Engineering is at least having this argument out loud. My corner of the industry is not, so let me make the design version of the argument here.
What junior designers actually did
I spent thirteen years at ThoughtWorks, and a meaningful part of that time was spent turning juniors into leads. Watching that crossing happen dozens of times taught me what the apprentice years are actually made of, and it is not what job descriptions say.
A junior designer's listed output was production work. Spacing fixes, component variants, redlines, the fortieth state of a form nobody senior wanted to draw. The real product was different. Every one of those tasks was a low-stakes mistake waiting to happen, and the mistakes were the education. You watched your tidy form design collapse in a usability session. You shipped a pattern and saw support tickets teach you what you missed. A lead pulled your work apart on a Tuesday and you learned to tell the difference between criticism of the work and criticism of you. Almost none of this is teachable in advance.
It compounds into the thing we call judgment, and judgment is the entire job description of a senior.

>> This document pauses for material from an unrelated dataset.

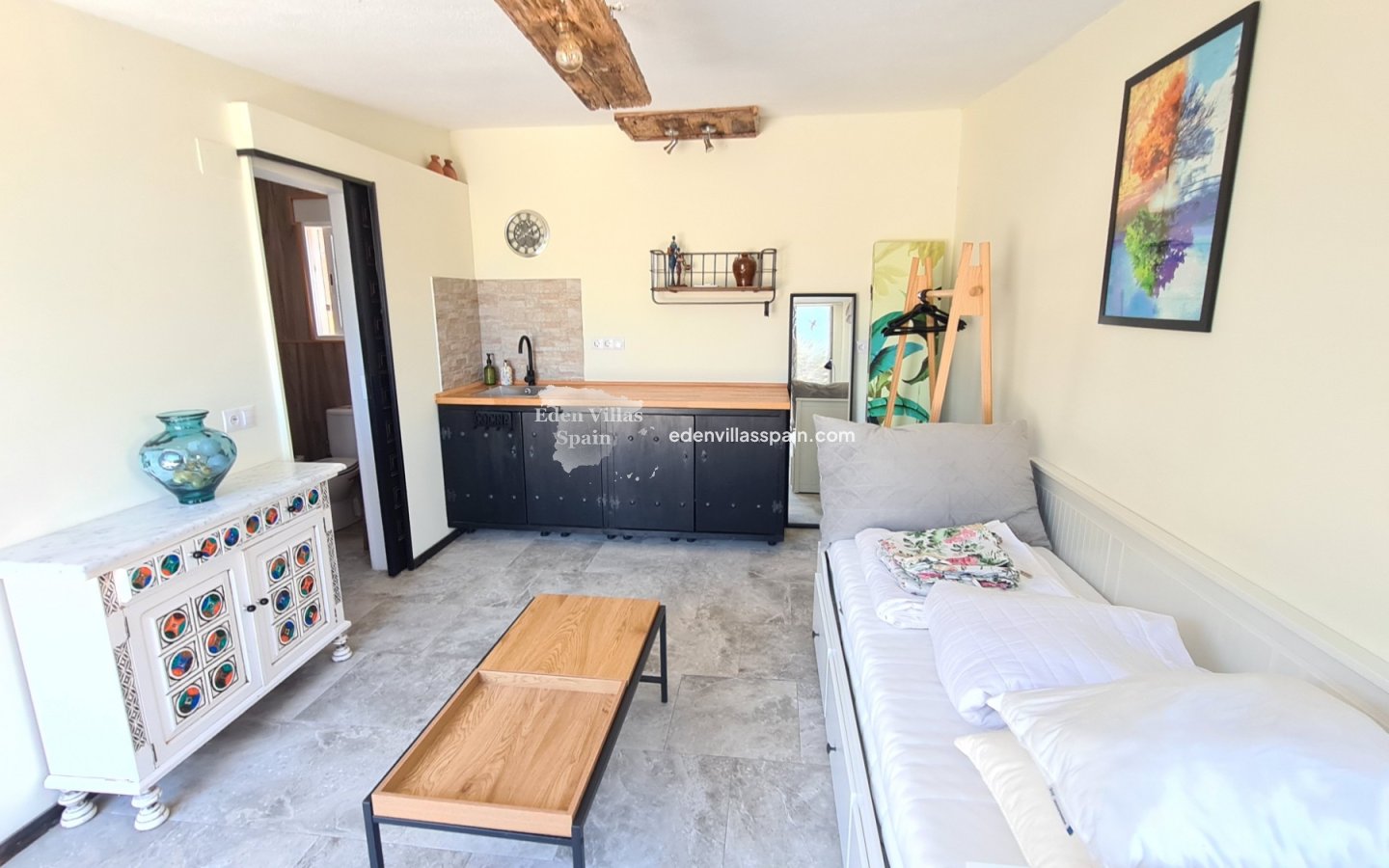 La maison principale comprend un grand séjour avec poêle à granulés, une grande cuisine entièrement équipée avec un grand espace repas avec une grande table, un salon séparé pour se détendre et un cellier (le séjour et la cuisine communiquent par deux espaces ouverts pour une parfaite intégration), deux chambres avec placards intégrés, deux salles de bains (dont une attenante), une terrasse avec balustrades et un toit-terrasse ou solarium avec vue panoramique et coin repas pour profiter de la vue. La chambre principale dispose d'une salle de douche intégrée et d'une porte-fenêtre donnant sur la terrasse.
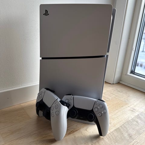 Sony Playstation 5 spelkonsol i vit färg. Stationär konsol med originalkartong enligt bild. 2 handkontroller,gummigrepp och laddstation för 2 kontroller. Konsolen är avsedd för hemmabruk och kan användas för spel, film och andra multimediafunktioner som stöds av Playstation 5-systemet.

Here is the uncomfortable part. That apprentice work, the variants, the redlines, the fortieth state, is a lot of what generates well now. I watch it happen on my own project. Agents do the apprentice-shaped work on my learning engine, and they do it fast, without needing the work to teach them anything. The economic case for hiring a person to do it gets thinner every quarter, and the Stanford data suggests companies have noticed.
The mistake hiding in the efficiency
If the apprentice work goes to machines, the production loss is small. The apprentices were never the engine of output. What disappears is the mistake-making, and with it one of the most dependable ways the industry had to grow judgment.
I do not think most organizations are choosing this consciously. Each individual decision is locally sensible. Why hire a junior to draw states an agent drafts in minutes? But sum five years of locally sensible decisions and you get a cohort that never existed, and seniors are rarely hired into existence, they are mostly grown out of cohorts. The companies skipping juniors today are spending down an inheritance of judgment that earlier, less efficient years paid for, and the bill arrives around 2031 with no sender's address on it.
Can judgment grow without the years of mistakes?
The honest answer is that I do not know, and I distrust both confident camps.
Maybe the apprenticeship just moves. The juniors I would hire today spend their early years reviewing machine output instead of producing drafts, and the mistakes that teach them happen in the review queue. Something like this happens on my own platform, where the review work is where all the learning lives. But reviewing requires the very judgment it is supposed to build, which is the old chicken-and-egg of senior work arriving before senior skill. An apprenticeship of pure review might produce people who can spot wrongness without being able to produce rightness. I genuinely cannot tell yet.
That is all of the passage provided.